** Available data follows **

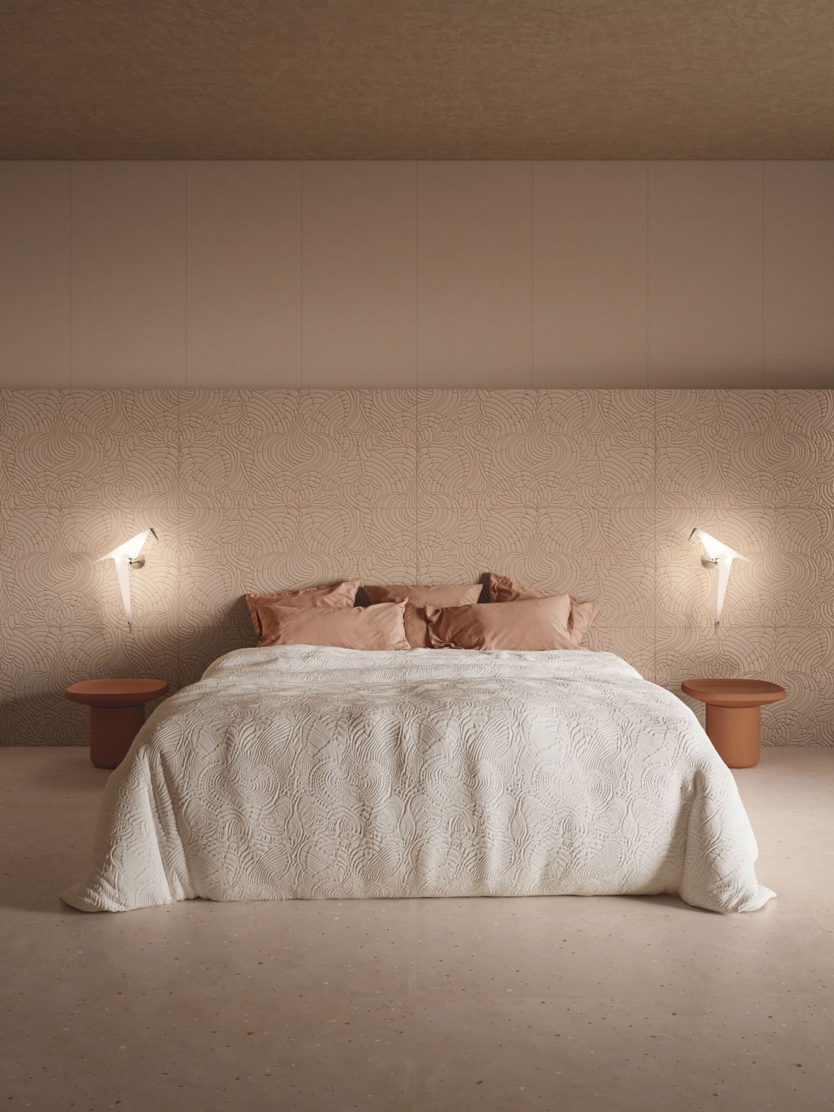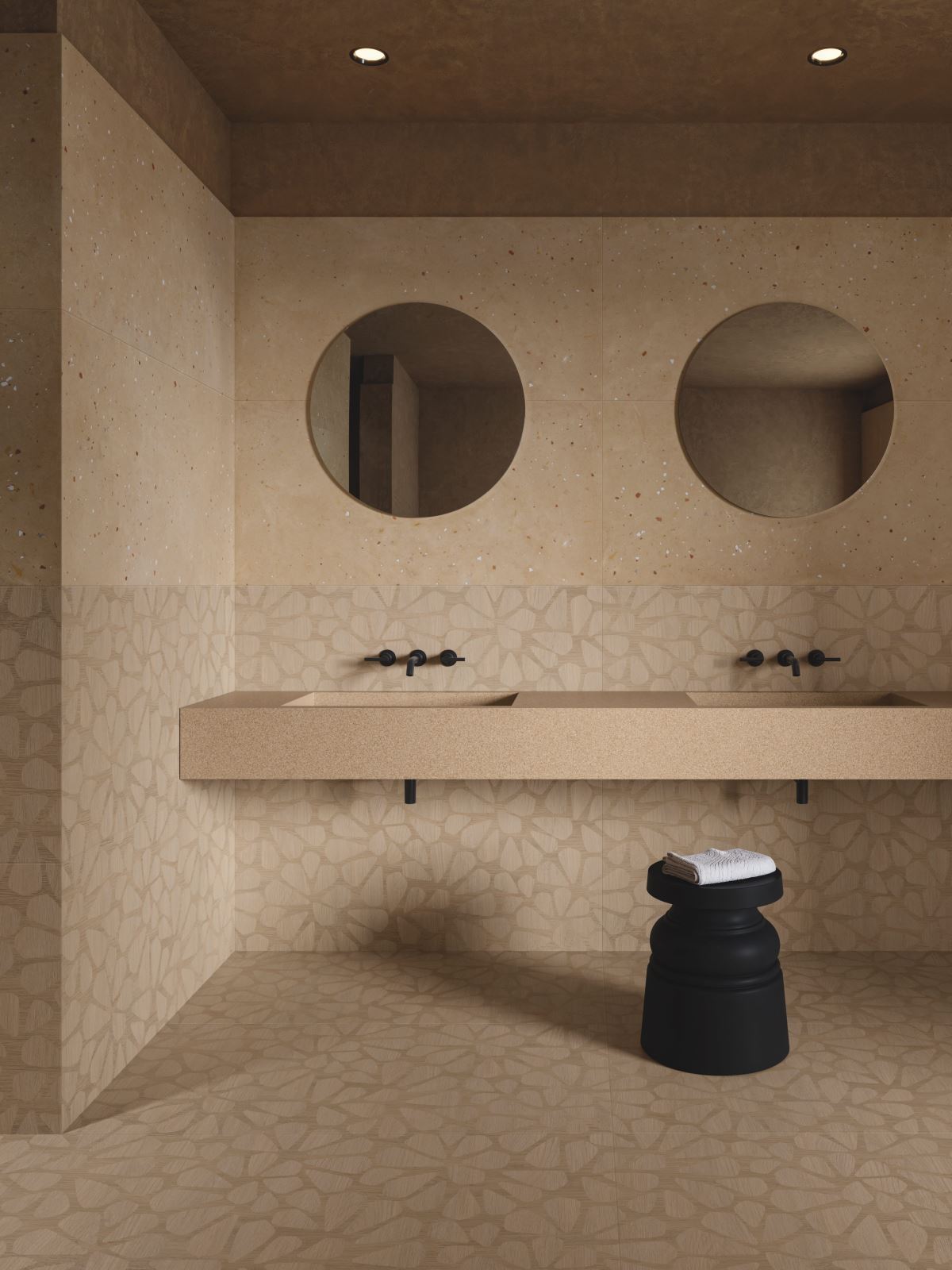 Par des effets graphiques audacieux, les surfaces céramique interagissent avec la lumière, l’espace et le toucher. Les textures tridimensionnelles — reliefs, incisions, microstructures — ajoutent profondeur et dimension tactile.
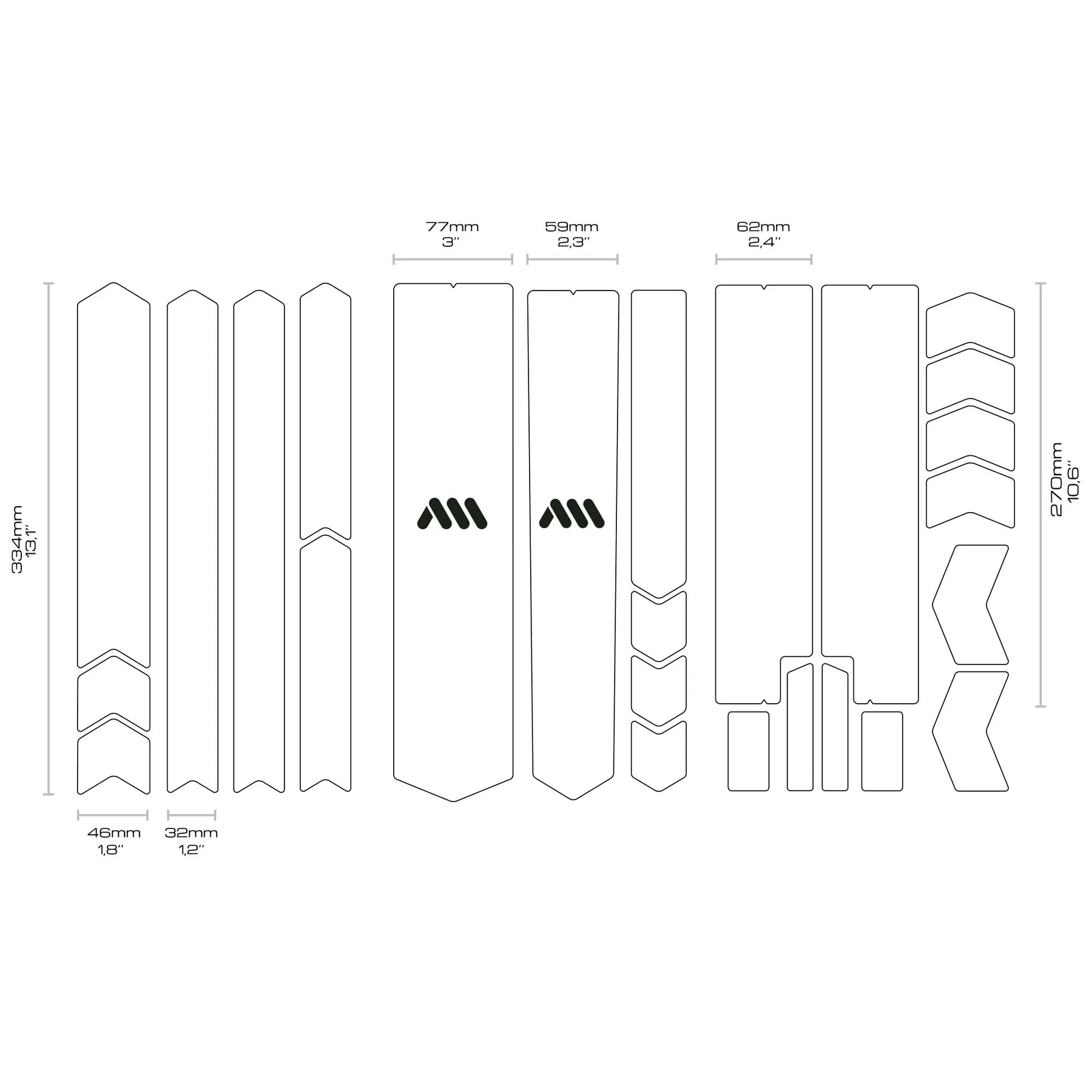 Protects your full frame (main triangle, stays and other areas) and your fork with a single kit
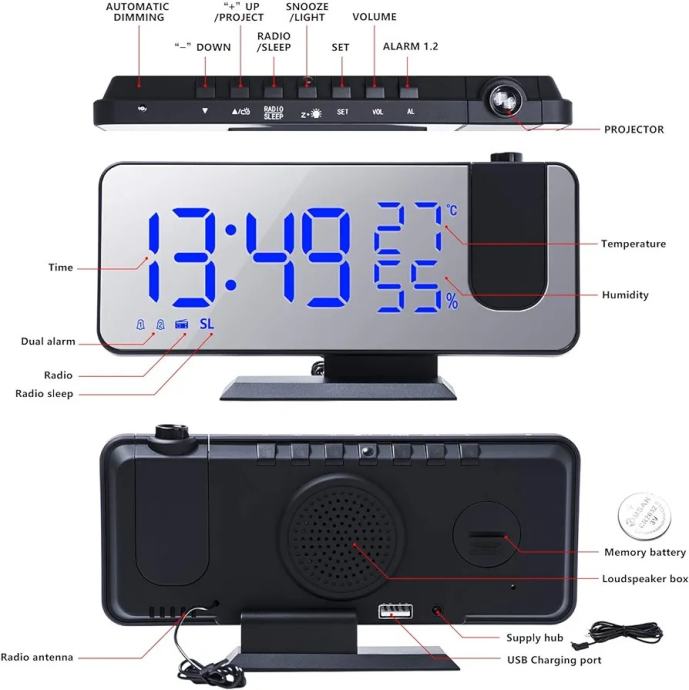 LED sat FM radio stanica Punjač mobitela Projektor Alarm

** End of Available data **

| Task details |
Exactly as they appear above, print all the lines, but not the pictures.

| Answer to the problem |
 Par des effets graphiques audacieux, les surfaces céramique interagissent avec la lumière, l’espace et le toucher. Les textures tridimensionnelles — reliefs, incisions, microstructures — ajoutent profondeur et dimension tactile.
 Protects your full frame (main triangle, stays and other areas) and your fork with a single kit
 LED sat FM radio stanica Punjač mobitela Projektor Alarm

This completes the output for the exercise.